Wednesday, 30 November 2011

Young Cassidy - a John Ford film directed by Jack Cardiff

YOUNG CASSIDY Or: SEAN O'CASEY IN LOVE ? One of 1965's under-rated gems is this biopic of Irish writer Sean O'Casey, a perfect example of American film-making in England in the '60s. It was a project dear to John Ford, but he only spent a few weeks on the film due to illness, so esteemed photographer Jack Cardiff took over, having directed the successful D.H. Lawrence adaptation SONS AND LOVERS himself in 1960.


Ford may only have directed a couple of scenes - the pub fight and meeting Daisy Battles (the radiant young Julie Christie) and the death of Sean's mother, the noble Flora Robson. The cast here is the thing: Rod Taylor is an agreeable presence, ideal in THE BIRDS etc, and certainly makes for a brawling playright! Maggie Smith is Nora, the bookshop girl he loves, but she cannot deal with his growing success and the world he wants to live in. Julie (just before DARLING and DR ZHIVAGO that year) is the happy prostitute he meets a few times, Dame Flora is perfect as the ailing mother, Sian Phillips his poverty-stricken sister - and then theres Edith Evans as Lady Gregory who runs the Abbey Theatre, and Michael Redgrave as W.B.Yeats - heavyweights indeed. Add in Pauline Delaney as the randy landlady, Donal Donnelly, Joe Lynch, Jack McGowran and other assorted Irish characters.

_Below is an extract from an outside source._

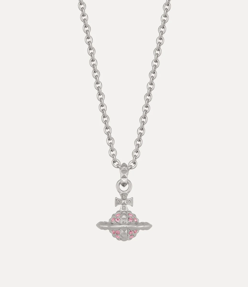 The design of our Mayfair Small Orb Pendant necklace draws inspiration from the signature orb emblem – embodying the ethos of linking the past to the future. The piece features a three-dimensional orb pendant embellished with light rose-coloured crystals and stud details, evoking the house’s signature punk approach.

Ford and Cardiff on set, above right.

The Easter Rebellion of 1916 plays out in the background as O'Casey steals books from Maggie's shop and gets his first play written and staged, but he cannot cash his first cheque to pay for his mother's funeral! Finally, he leaves for England and the successes waiting for him. The Dublin backgrounds are nicely staged along with the poverty of the time and its all a breezy romp touching certainly on events in the early O'Casey's life. O'Casey's plays are still being revived, I am off to a National Theatre revivial of JUNO AND THE PAYCOCK in the new year.